> [WHAT YOU NEED TO DO]: Exactly as written, return all the data, leaving its pictures behind.

> [GIVEN DATA]:

↓

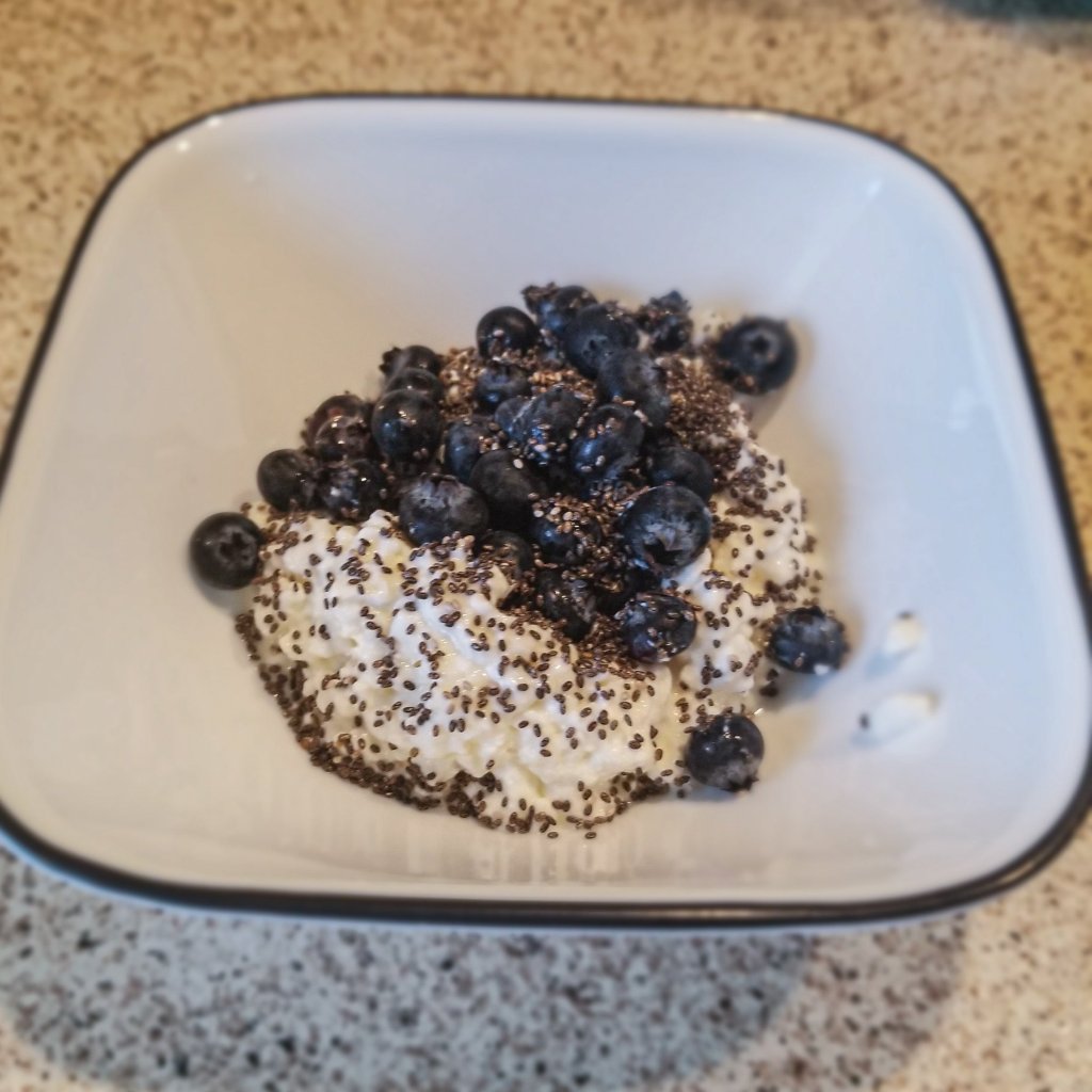 Desert: Chia Seeds, Cottage Cheese and Blueberries.
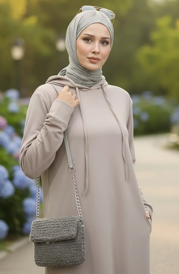 İki İplik Kapüşonlu Spor Elbise 0190-13 Taş 0190-13
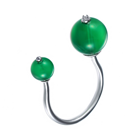 Серебряные серьги 925 пробы, камни - агат зеленый - 4шт., фианит

↑

> [EXPECTED ANSWER]:
 Desert: Chia Seeds, Cottage Cheese and Blueberries.
 İki İplik Kapüşonlu Spor Elbise 0190-13 Taş 0190-13
 Серебряные серьги 925 пробы, камни - агат зеленый - 4шт., фианит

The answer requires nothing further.